Violation Severity Levels

Violations are categorized by severity:

  • Critical (-40 to -50 points): Workflow-breaking issues
  • Major (-15 to -25 points): Significant problems affecting functionality
  • Minor (-5 to -15 points): Non-critical issues or inefficiencies

Running Evaluations

CLI Evaluation

# Run with default settings
pnpm eval

# Run a specific test case
pnpm eval --test-case google-sheets-processing
pnpm eval --test-case extract-from-file

# With additional generated test cases
GENERATE_TEST_CASES=true pnpm eval

# With custom concurrency
EVALUATION_CONCURRENCY=10 pnpm eval

Langsmith Evaluation

# Set required environment variables
export LANGSMITH_API_KEY=your_api_key
# Optionally specify dataset
export LANGSMITH_DATASET_NAME=your_dataset_name

# Run evaluation
pnpm eval:langsmith

Configuration

Required Files

nodes.json

IMPORTANT: The evaluation framework requires a nodes.json file in the evaluations root directory (evaluations/nodes.json).
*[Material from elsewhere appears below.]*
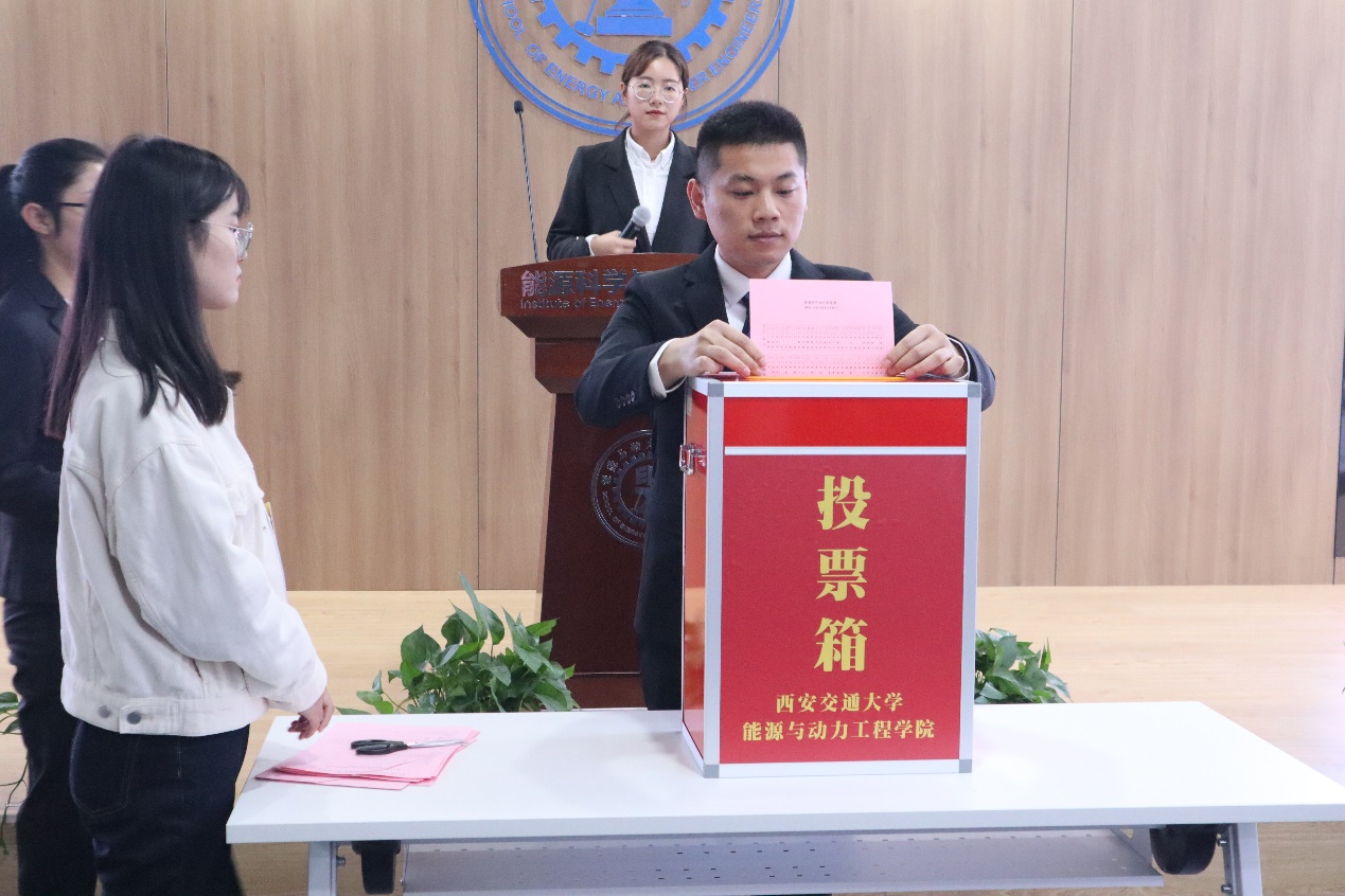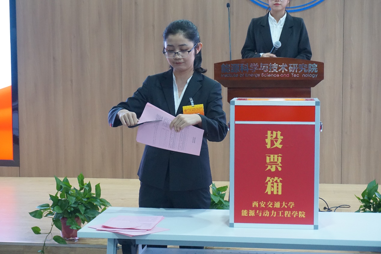 分党委副书记韦娜老师致辞。她对入选的研究生代表们表示祝贺,希望能动学子在以后的工作中能够不忘初心,全心全意为同学们服务,同时希望大家能够锐意创新、积极进取,完成新时期的挑战,为我校双一流建设献计献力,为建设社会主义现代化强国披荆斩棘,成为新时代实现中华民族伟大复兴征程中的弄潮儿。在庄严的校歌声中,大会落下帷幕。
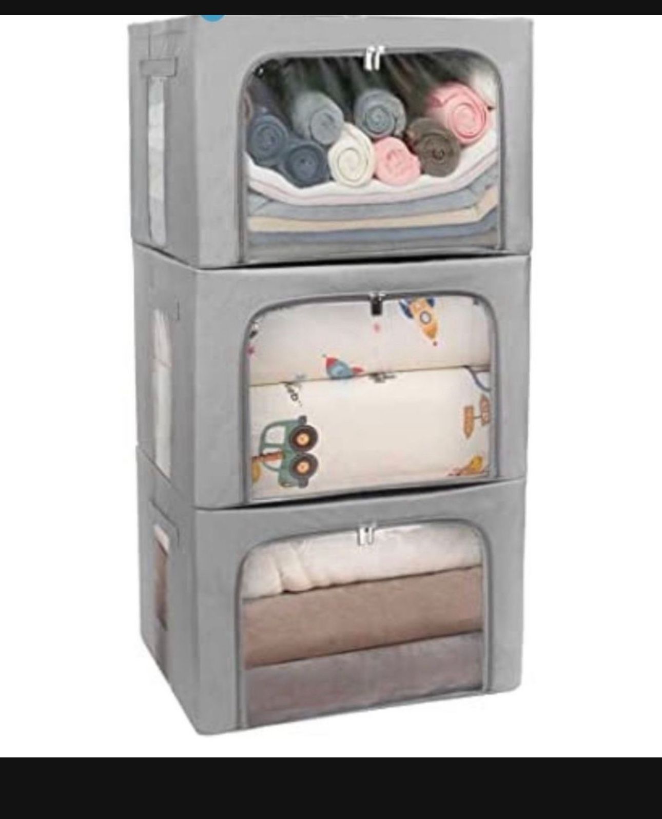 Stackable Clothes Storage Box for Clothing Gadgets,Steel Frame Storage Bins for Bedding Blankets Toys Gift,Foldable Oxford Fabric Closet Organizer Bag

This file contains all n8n node type definitions and is used by the AI Workflow Builder agent to:

  • Know what nodes are available in n8n
  • Understand node parameters and their schemas
  • Generate valid workflows with proper node configurations

Why is this required? The AI Workflow Builder agent needs access to node definitions to generate workflows. In a normal n8n runtime, these definitions are loaded automatically. However, since the evaluation framework instantiates the agent without a running n8n instance, we must provide the node definitions manually via nodes.json.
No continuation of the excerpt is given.